Do not over-romanticize this. The desirable urban FM programs in dense coastal cities still fill nearly everything. But if you are willing to go rural Midwest or Deep South, the numbers shift significantly.

Pediatrics

Smaller absolute SOAP volume, but similar patterns to IM:

  • Children’s hospitals and big academic centers mostly fill in the main Match.
  • Community pediatrics and smaller regional programs make up most SOAP peds spots.

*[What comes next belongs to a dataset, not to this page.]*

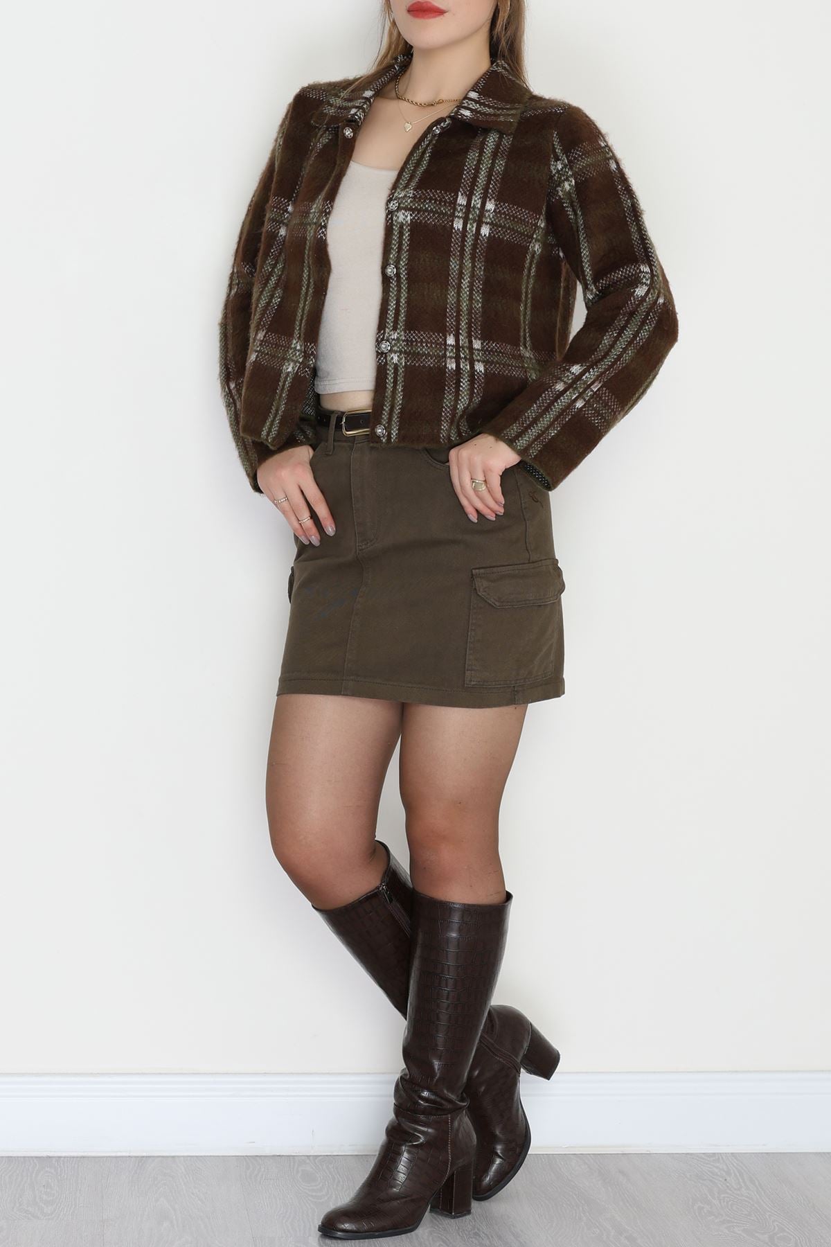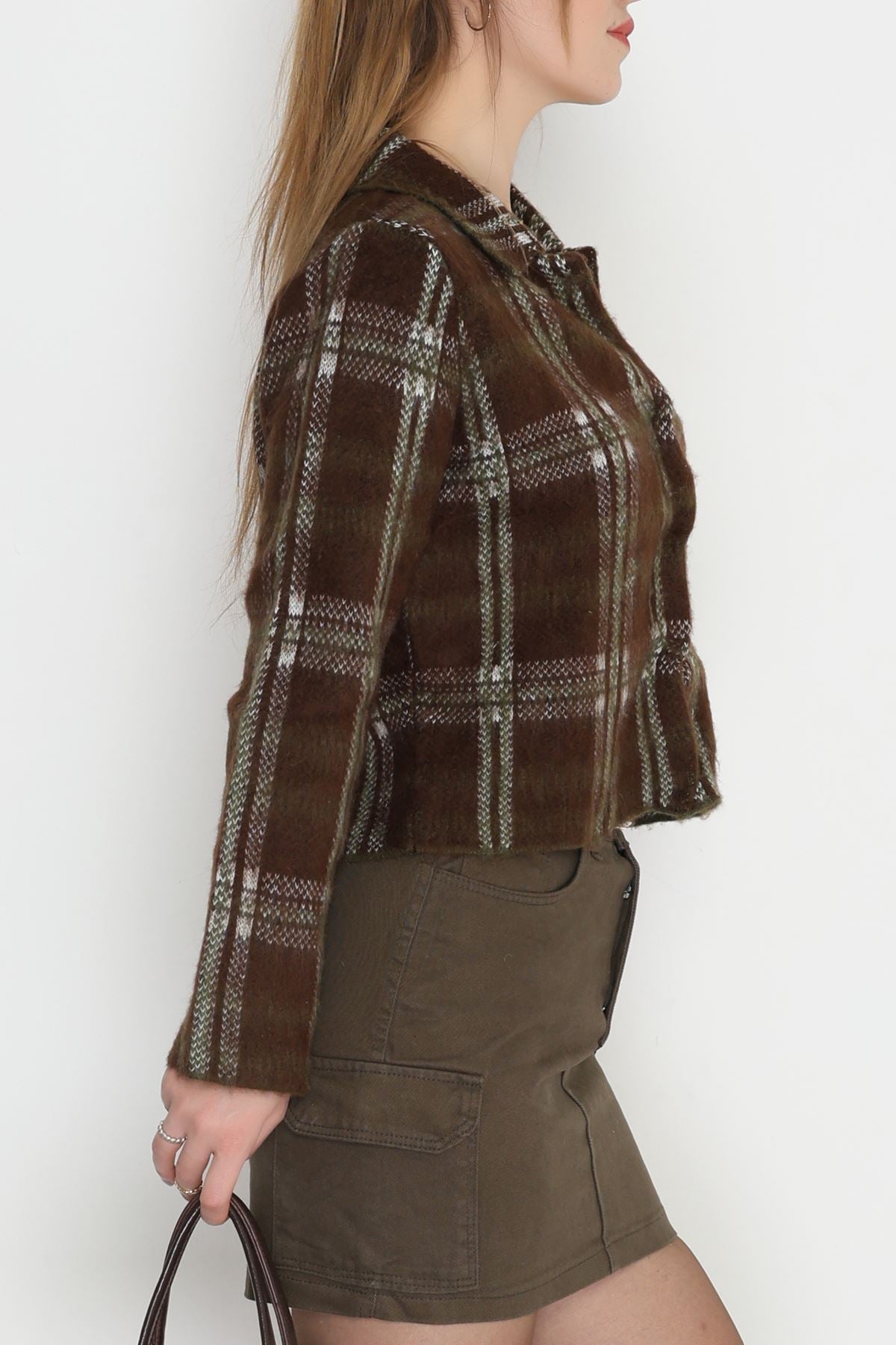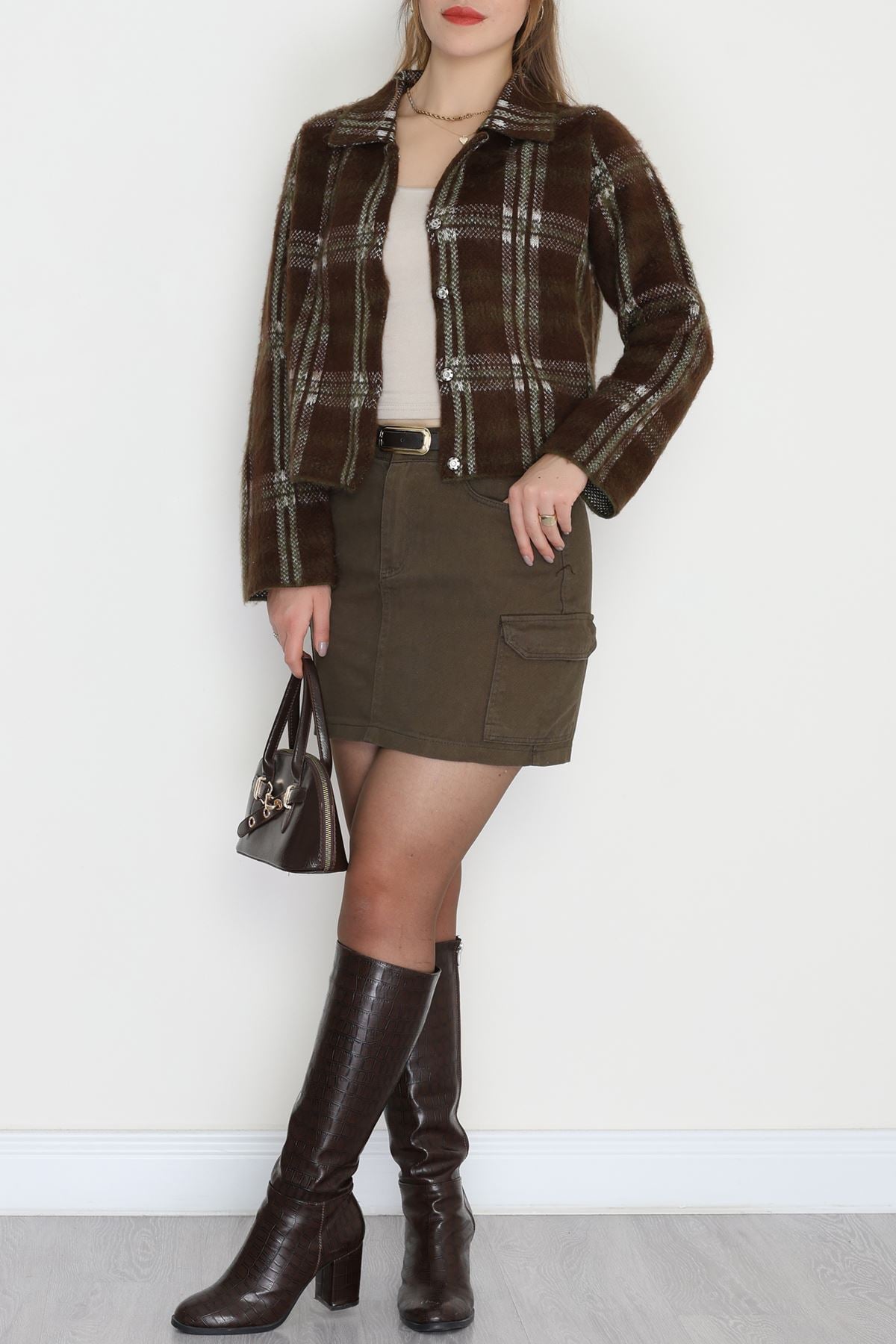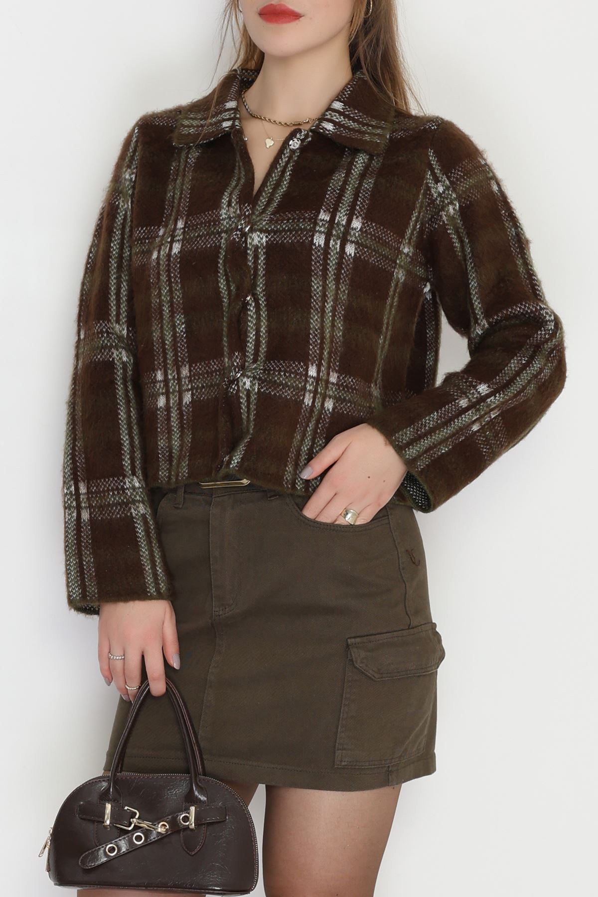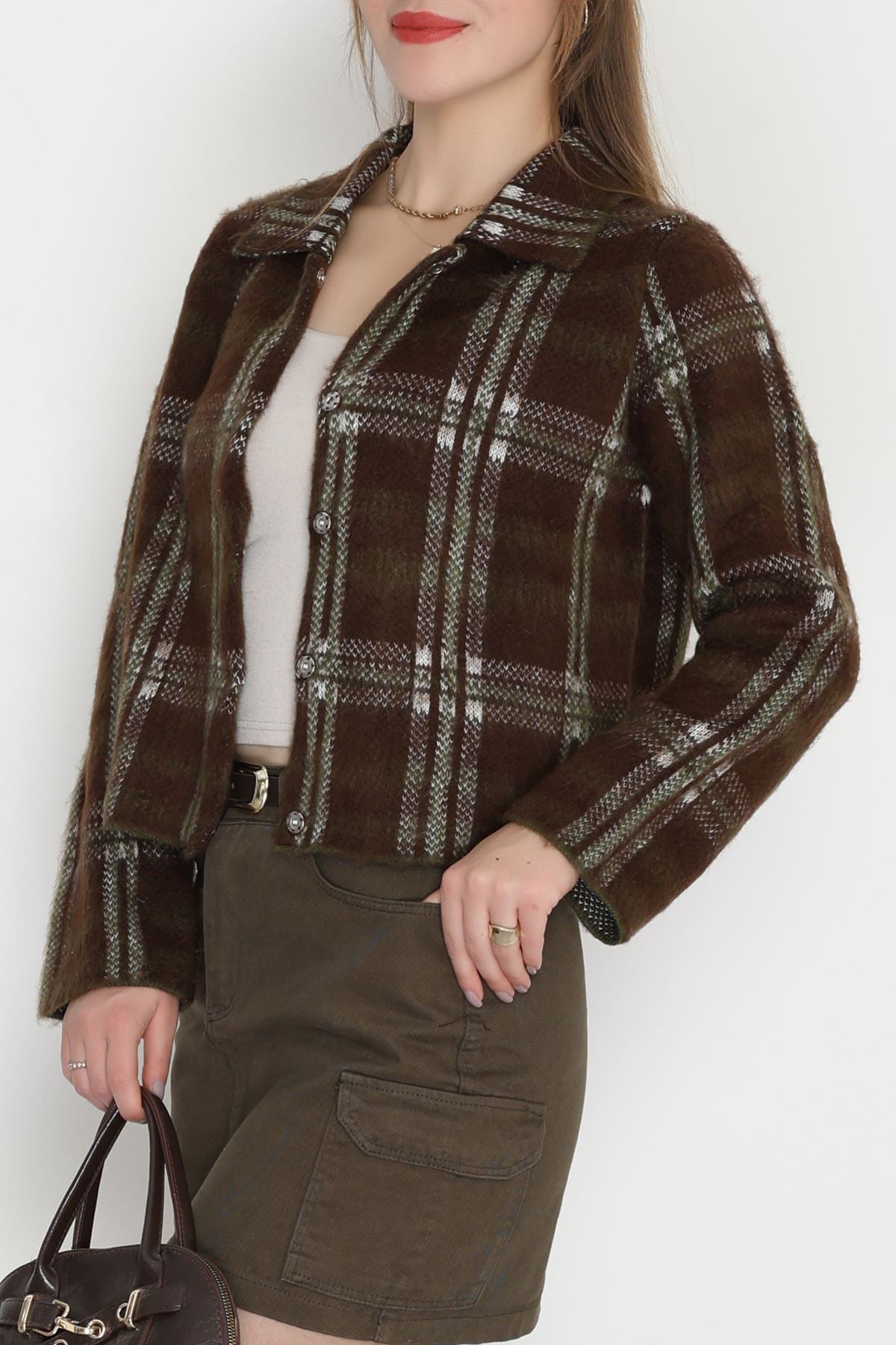 Çıtçıtlı Ekose Desen Hırka Kahve - 31537.1437.

For many applicants, pediatrics behaves like a slightly scarcer, slightly more selective IM in SOAP. That is all.

Psychiatry

Psych is in demand. The main Match has seen rising competitiveness, and SOAP reflects that.

  • Spots that appear in SOAP are relatively few.
  • Fill rates are high, and per-application odds are often lower than FM or IM for generic applicants.

Psych can absolutely be part of a SOAP strategy, but it cannot be the only leg the stool stands on unless you are unusually strong for psych (research, rotations, letters).

Transitional Year (TY)

If you are still thinking TY is a “cushion” in SOAP, you are locked in 2008.

Reality:

  • TY is among the most competitive SOAP options.
  • Many TY slots are effectively spoken for by internal candidates or “near favorites” even before SOAP formally opens.
  • Per-application odds for an average applicant can be well under 1%.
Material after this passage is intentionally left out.